Microsoft
    Research

eScience Research Group

 

 
Computational Biology Tools  
 
 

Create Epitome
Details
Tool References Code
 
 

Overview

This tool models genetic diversity by summarizing a large input dataset into an epitome, a short sequence capturing many overlapping subsequences from the dataset.

For example, applying the tool to modeling the diversity of HIV, the epitome produces relatively small vaccine immunogens covering a large number of immune system targets known as epitopes. Our experiments have shown that the epitome includes more epitopes than other vaccine designs of similar length, including cocktails of consensus strains, phylogenetic tree centers, and observed strains.

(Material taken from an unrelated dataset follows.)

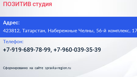 ПОЗИТИВ, студия по адресу 423812, Татарстан, Набережные Челны, 56-й комплекс, 17 в дальнейшем Организация, размещена в следующих категориях:
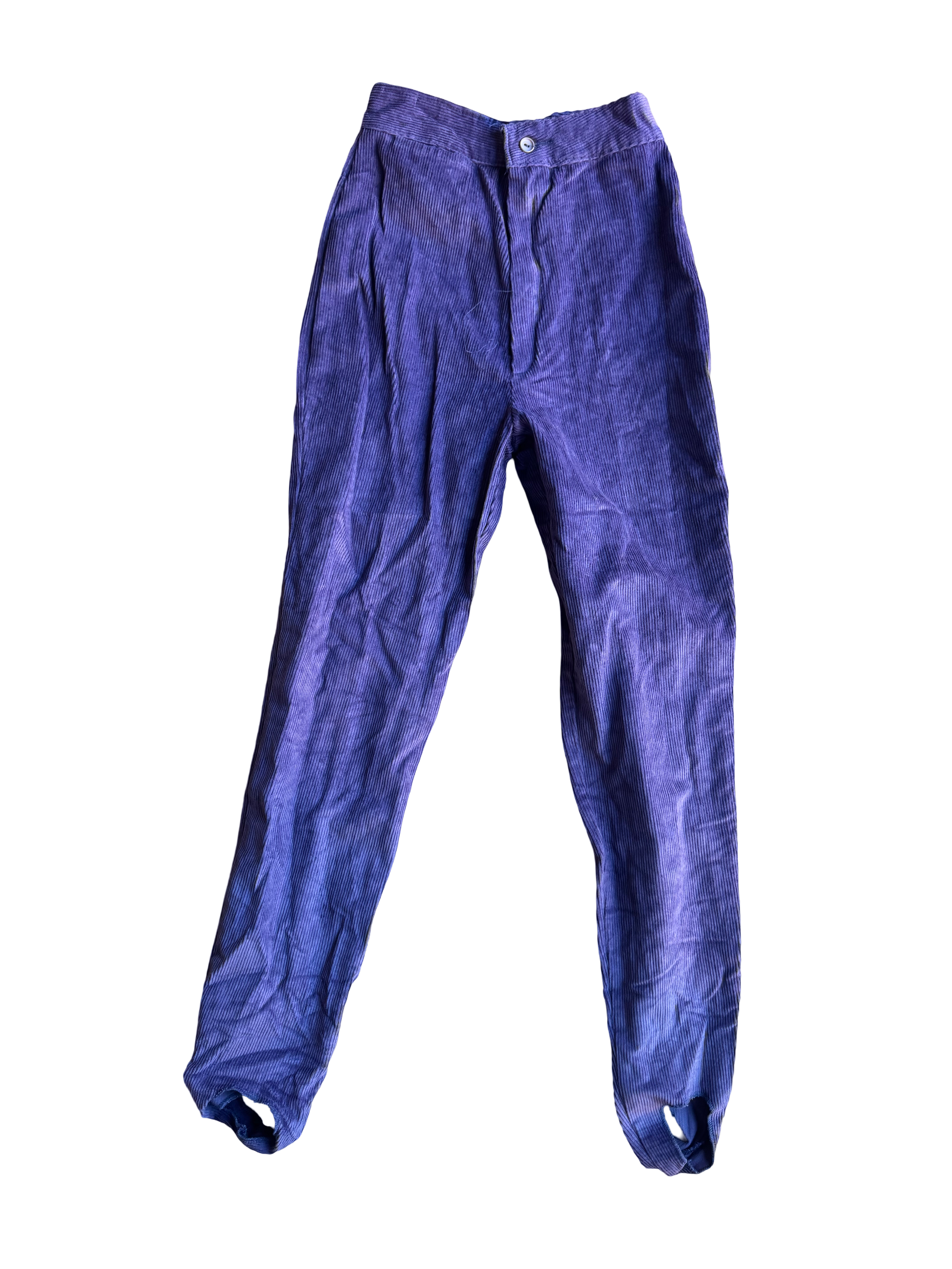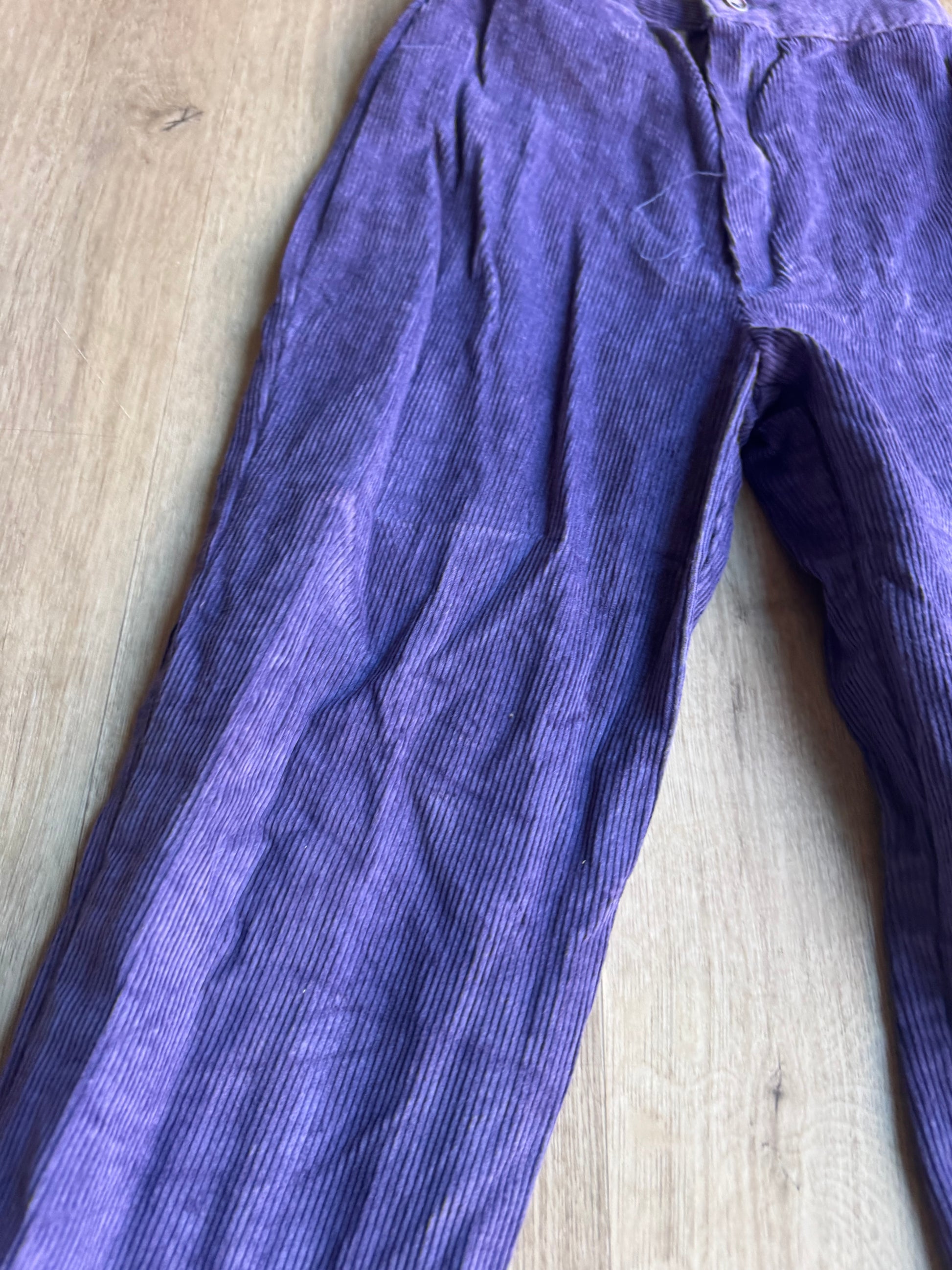 Pantalon fuseau en velours côtelés violet, année 80, une poche.

The tool optimizes greedily, that is, it iteratively increases the length of the epitome by appending a patch (possibly with overlap) from the data which maximally reduces the ratio of the sum of the patch weights of the included patches to the length of the epitome. The process can be stopped once the desired length is achieved (rather than when the entire set of patches is included as in the superstring problem).

Input Format

The tool accepts input in two formats.

First, a text table:

Patch Weight
 NKIVRMYSP 167
 LNKIVRMYS 167
 PQDLNTMLN 166
 QDLNTMLNT 166
 GATPQDLNT 166
 EGATPQDLN 166
 ATPQDLNTM 165
 TPQDLNTML 165

Separate the columns with space, tab, or comma. The headers are required.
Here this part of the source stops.